Source records:

Segment Open

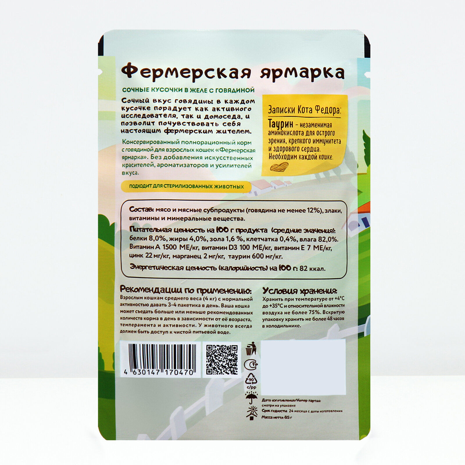 Влажный корм сочные кусочки в желе для кошек с ягненком Фермерская ярмарка линия Кот Федор 85г х 24шт
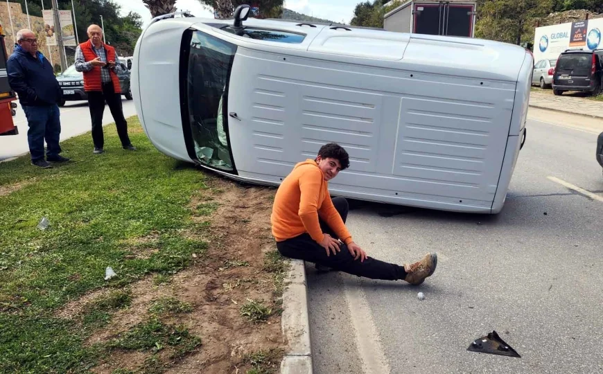 Bodrum’un Yokuşbaşı Mahallesi Emin Anter Bulvarı’nda bugün öğle saatlerinde meydana gelen kazada 34 AP 7455 plakalı otomobilin tali yoldan aniden yola çıktığı iddia edildi. Seyir halinde olan Doruk Bozkurt yönetimindeki 34 gsr 671 plakalı minibüs yola çıkan otomobile çarptı, çarpmanın etkisi ile minibüs takla atarak orta refüje çıktı.
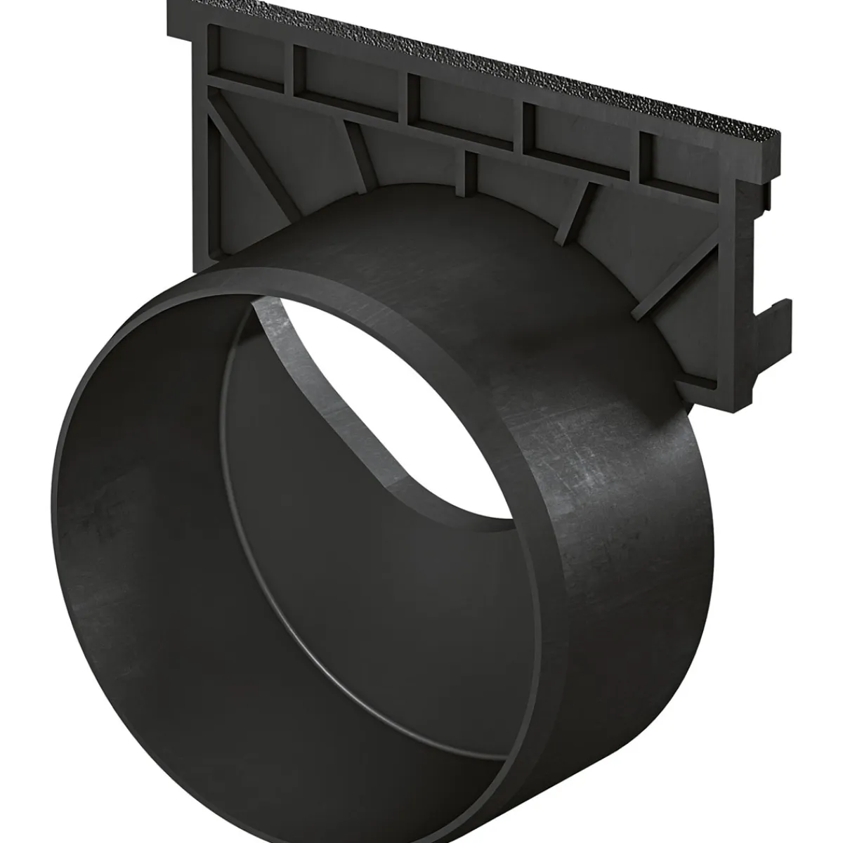 Stirnwand mit Stutzen BxHxL 7×13,5×12,5 cm, für den Anschluss an ein KG Rohr DN/OD 110, Standardline (Polymerbeton) und Hexaline 2.0 (Kunststoff), frostbeständig.
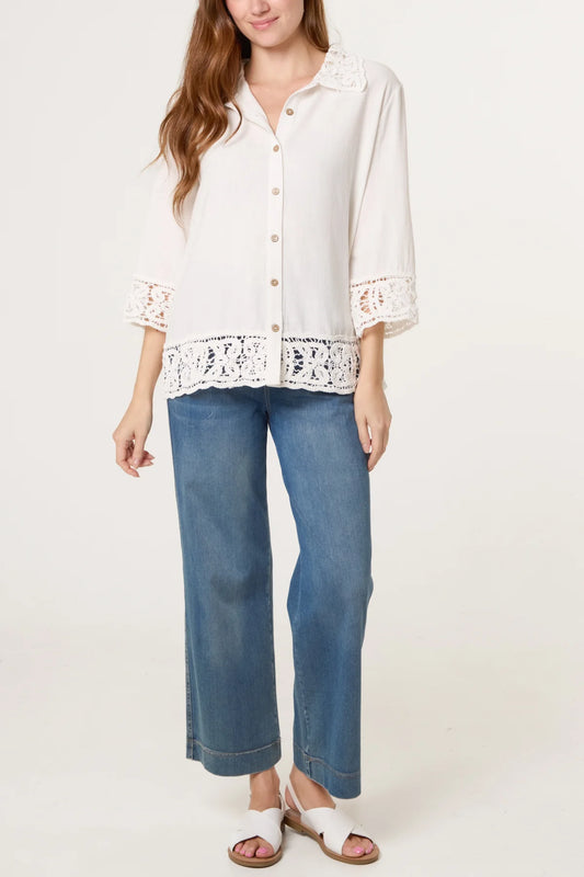 Deena White Crochet Hem Shirt
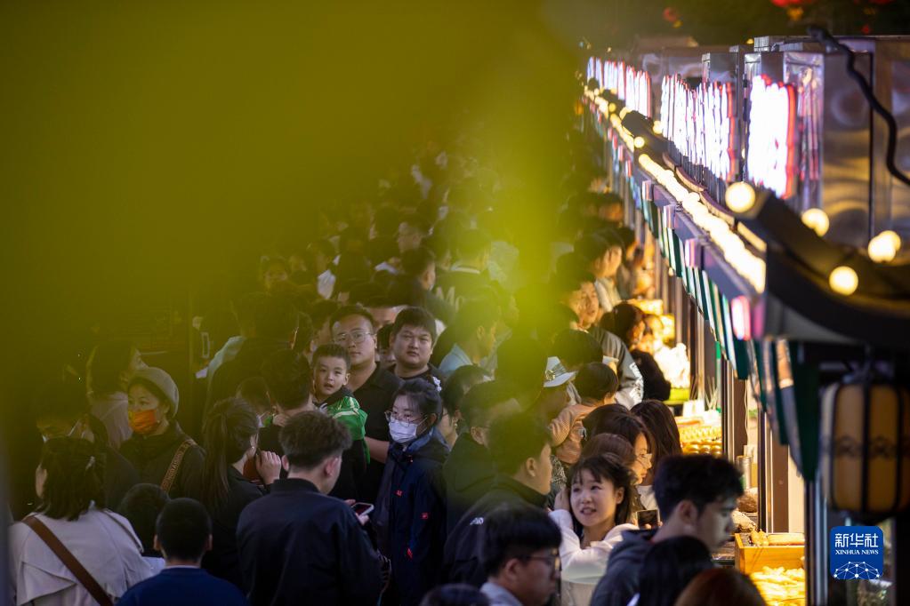 5月1日,游客在寧夏銀川市西夏區懷遠觀光夜市游覽。

Segment Closed

_Assignment_
For each entry, copy the text exactly and leave out any image it carries.

_Result below_
 Влажный корм сочные кусочки в желе для кошек с ягненком Фермерская ярмарка линия Кот Федор 85г х 24шт
 Bodrum’un Yokuşbaşı Mahallesi Emin Anter Bulvarı’nda bugün öğle saatlerinde meydana gelen kazada 34 AP 7455 plakalı otomobilin tali yoldan aniden yola çıktığı iddia edildi. Seyir halinde olan Doruk Bozkurt yönetimindeki 34 gsr 671 plakalı minibüs yola çıkan otomobile çarptı, çarpmanın etkisi ile minibüs takla atarak orta refüje çıktı.
 Stirnwand mit Stutzen BxHxL 7×13,5×12,5 cm, für den Anschluss an ein KG Rohr DN/OD 110, Standardline (Polymerbeton) und Hexaline 2.0 (Kunststoff), frostbeständig.
 Deena White Crochet Hem Shirt
 5月1日,游客在寧夏銀川市西夏區懷遠觀光夜市游覽。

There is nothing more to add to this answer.